Balancing Perspective: Benefits vs. Caveats

While enthusiasm for CODESYS is high, particularly in off‑highway automation and industrial controls, experienced practitioners urge caution. Maintenance teams may face increased hardware variability and vendor-specific quirks; integration testing remains critical .

Nevertheless, many users embrace CODESYS for its flexibility, powerful diagnostic features, and capacity to treat ECUs as mini industrial PCs—ideal for field updates or telematics expansion.

Context in Aerospace and Off‑Highway Markets

For aerospace, mobile machinery, and rugged vehicle systems, reliability and deterministic control matter most. CODESYS has become a go-to in these environments—ISOBUS, J1939, and CANopen stacks are already ship‑tested in heavy equipment and rail systems. The addition of CODESYS on New Eagle’s ECUs aligns with ongoing trends toward open automation platforms, virtualization, and firmware-over‑the‑air updates.

Bottom Line

New Eagle’s embrace of CODESYS is a strategic pivot: one that bridges the gap between model-based and PLC-centric development. For OEMs in mobile and aerospace industries, this hybrid support could significantly reduce engineering timelines and integrate legacy codebases more seamlessly.

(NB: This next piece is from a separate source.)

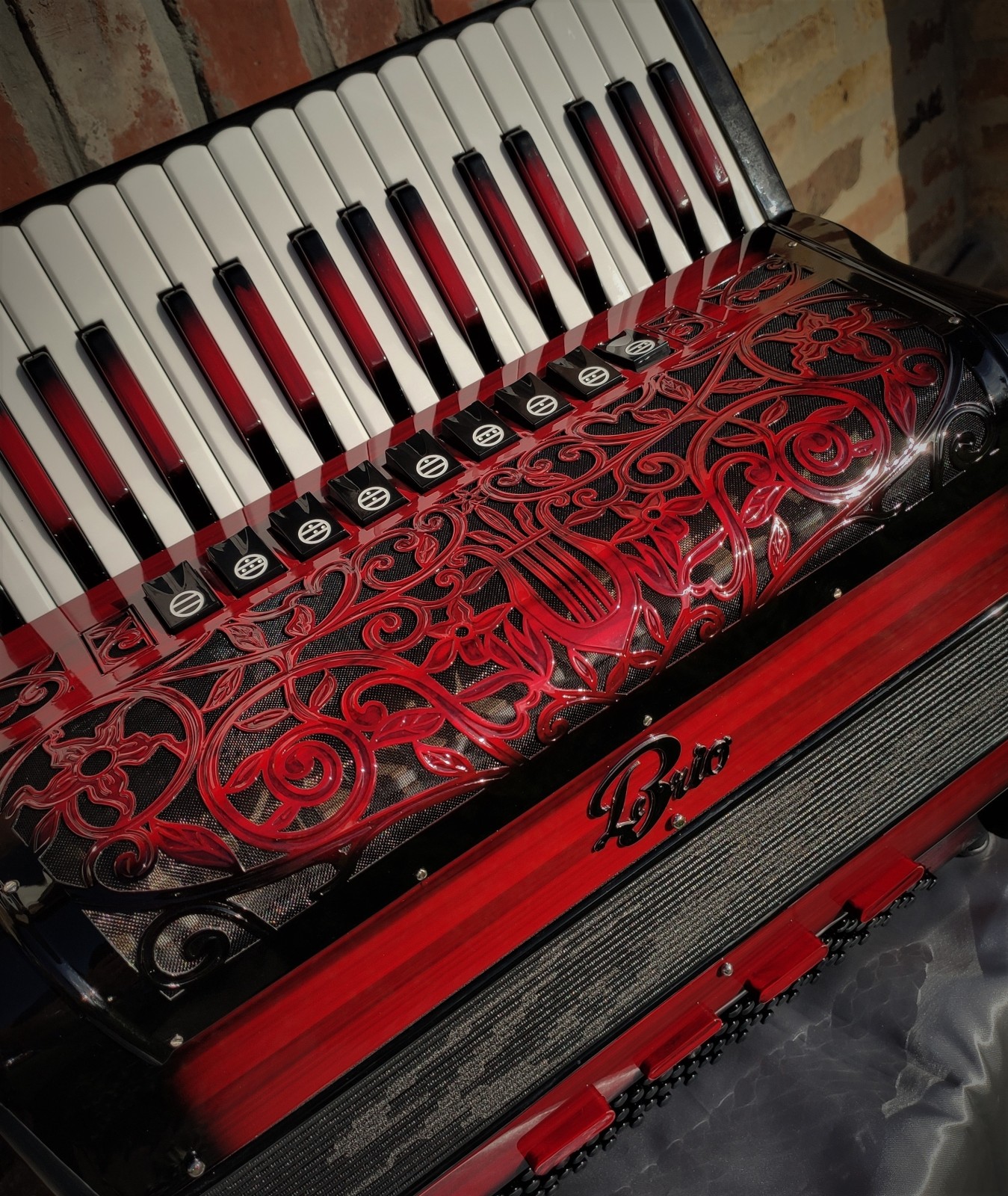 Basses : de 72 basses à 120 basses à 4 voix, 5 voix en option. Mécanique 3/3 (3 rangées de basses et 3 rangées d'accords) ou 2/4 (2 rangées de basses et 4 rangées d'accords) au choix à la commande. De 3 à 7 registres (configuration traditionnelles ou personnalisée possible) avec ou sans registre de coupure.

The proof will lie in field adoption. Will development teams embrace this dual-mode flexibility? Can support and part‑management systems adapt? If executed well, New Eagle may well help catalyze a new era of adaptable, portable control systems.

  • What Changed: New Eagle ECUs now support the CODESYS runtime, enabling IEC 61131‑3 programming (e.g., Ladder Logic, Structured Text).
  • Why It Matters: Engineers gain language flexibility and potential hardware portability without swapping ECUs.
  • What to Watch: Adoption hurdles include team familiarity, version compatibility, and maintaining control over hardware sourcing.
  • In Perspective: Places New Eagle’s ECUs firmly within the modern automation ecosystem—opening doors to virtualization, telematics, and open control architectures.